### DATASET EXCERPTS
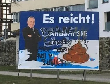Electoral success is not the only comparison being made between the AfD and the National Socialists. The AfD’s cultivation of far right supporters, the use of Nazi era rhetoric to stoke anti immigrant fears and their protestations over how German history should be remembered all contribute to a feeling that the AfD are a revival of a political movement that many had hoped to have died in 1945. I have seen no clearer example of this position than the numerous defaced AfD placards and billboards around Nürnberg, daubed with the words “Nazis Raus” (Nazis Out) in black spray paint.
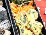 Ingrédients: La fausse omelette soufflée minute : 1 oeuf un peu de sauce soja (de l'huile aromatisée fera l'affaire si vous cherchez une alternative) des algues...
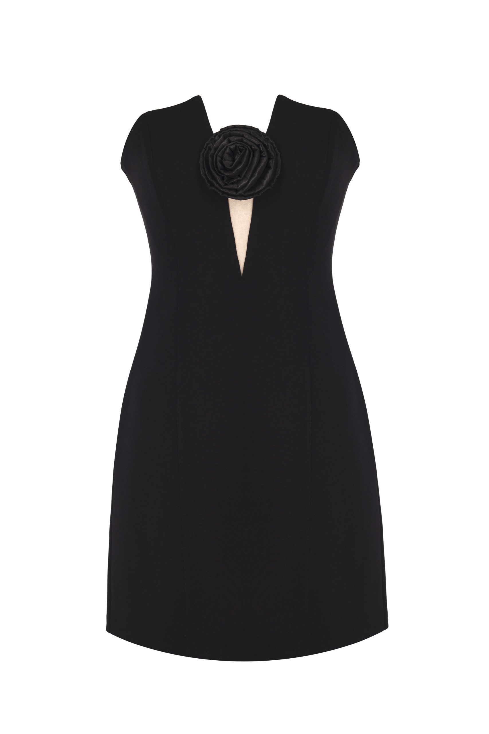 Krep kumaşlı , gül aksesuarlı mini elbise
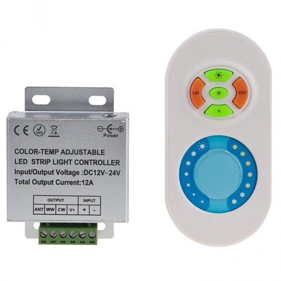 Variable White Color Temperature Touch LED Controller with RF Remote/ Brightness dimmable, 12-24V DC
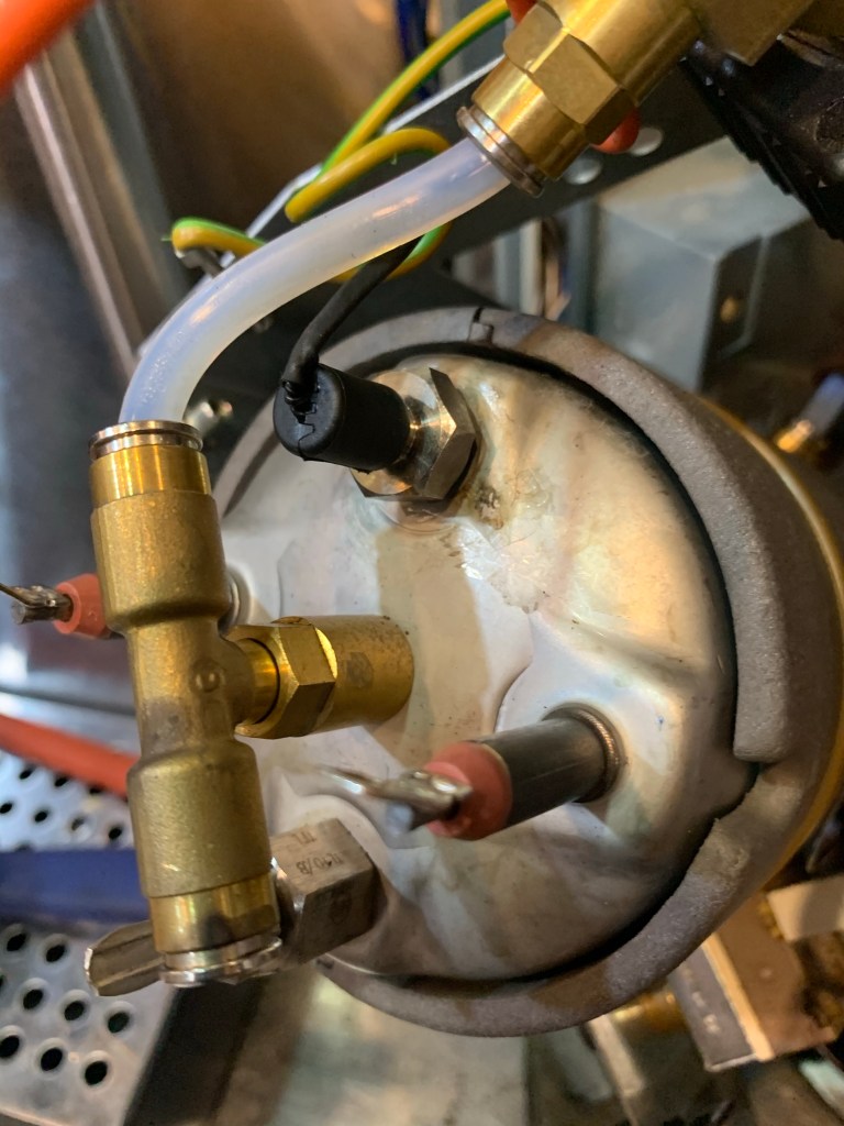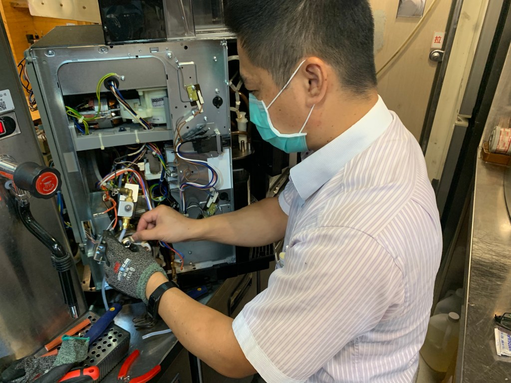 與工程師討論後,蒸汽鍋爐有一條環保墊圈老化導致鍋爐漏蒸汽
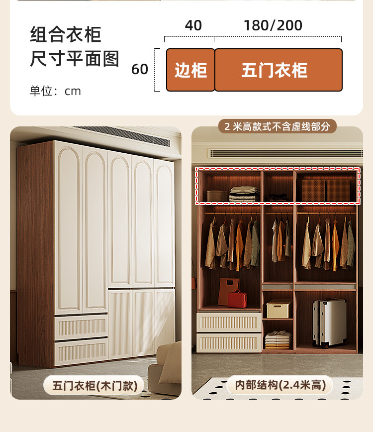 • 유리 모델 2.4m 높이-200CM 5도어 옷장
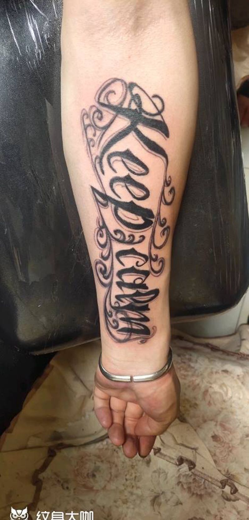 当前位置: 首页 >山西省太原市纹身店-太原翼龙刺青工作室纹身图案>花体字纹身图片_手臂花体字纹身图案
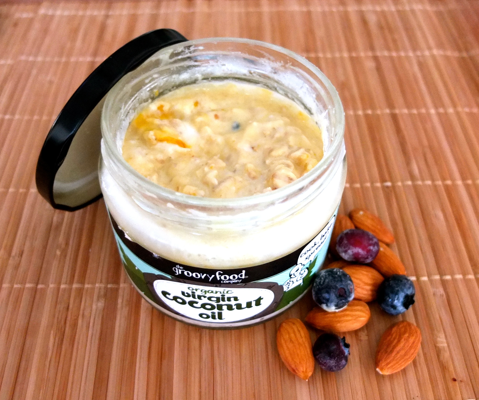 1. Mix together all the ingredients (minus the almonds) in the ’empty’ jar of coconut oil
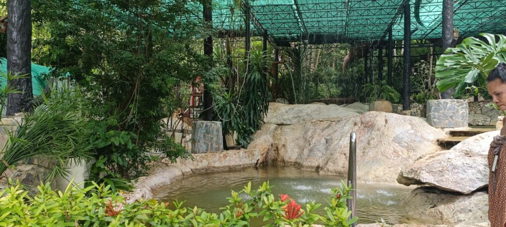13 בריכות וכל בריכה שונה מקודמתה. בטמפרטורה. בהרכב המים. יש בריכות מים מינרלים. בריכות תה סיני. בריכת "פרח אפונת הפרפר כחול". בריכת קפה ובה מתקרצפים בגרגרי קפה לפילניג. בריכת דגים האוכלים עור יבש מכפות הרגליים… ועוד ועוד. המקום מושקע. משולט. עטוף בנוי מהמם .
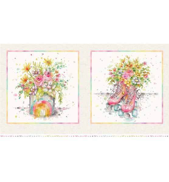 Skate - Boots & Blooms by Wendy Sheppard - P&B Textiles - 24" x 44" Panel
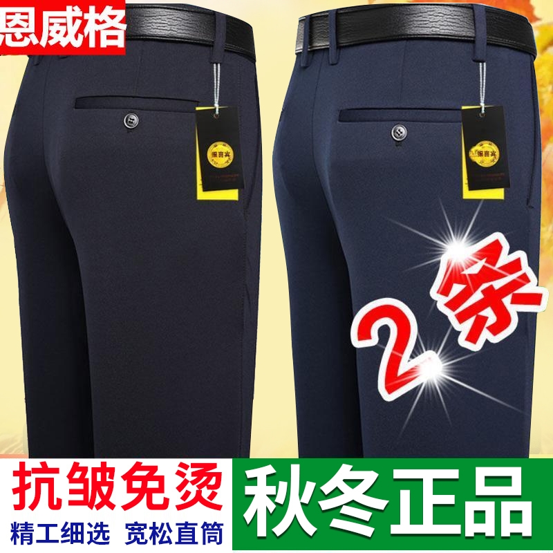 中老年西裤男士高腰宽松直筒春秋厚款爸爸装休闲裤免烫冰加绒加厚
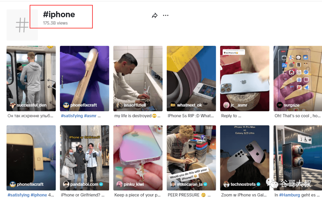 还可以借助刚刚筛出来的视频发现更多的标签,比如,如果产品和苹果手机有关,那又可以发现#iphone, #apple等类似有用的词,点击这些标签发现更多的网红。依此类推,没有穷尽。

### GOAL OF THE EXERCISE
Which lines run from the one containing "높이-200CM 5도어 옷장" through the last line of the entries above? Output them exactly, both ends included, with no pictures.

### ANSWER SECTION
 • 유리 모델 2.4m 높이-200CM 5도어 옷장
 当前位置: 首页 >山西省太原市纹身店-太原翼龙刺青工作室纹身图案>花体字纹身图片_手臂花体字纹身图案
 1. Mix together all the ingredients (minus the almonds) in the ’empty’ jar of coconut oil
13 בריכות וכל בריכה שונה מקודמתה. בטמפרטורה. בהרכב המים. יש בריכות מים מינרלים. בריכות תה סיני. בריכת "פרח אפונת הפרפר כחול". בריכת קפה ובה מתקרצפים בגרגרי קפה לפילניג. בריכת דגים האוכלים עור יבש מכפות הרגליים… ועוד ועוד. המקום מושקע. משולט. עטוף בנוי מהמם .
 Skate - Boots & Blooms by Wendy Sheppard - P&B Textiles - 24" x 44" Panel
 中老年西裤男士高腰宽松直筒春秋厚款爸爸装休闲裤免烫冰加绒加厚
 还可以借助刚刚筛出来的视频发现更多的标签,比如,如果产品和苹果手机有关,那又可以发现#iphone, #apple等类似有用的词,点击这些标签发现更多的网红。依此类推,没有穷尽。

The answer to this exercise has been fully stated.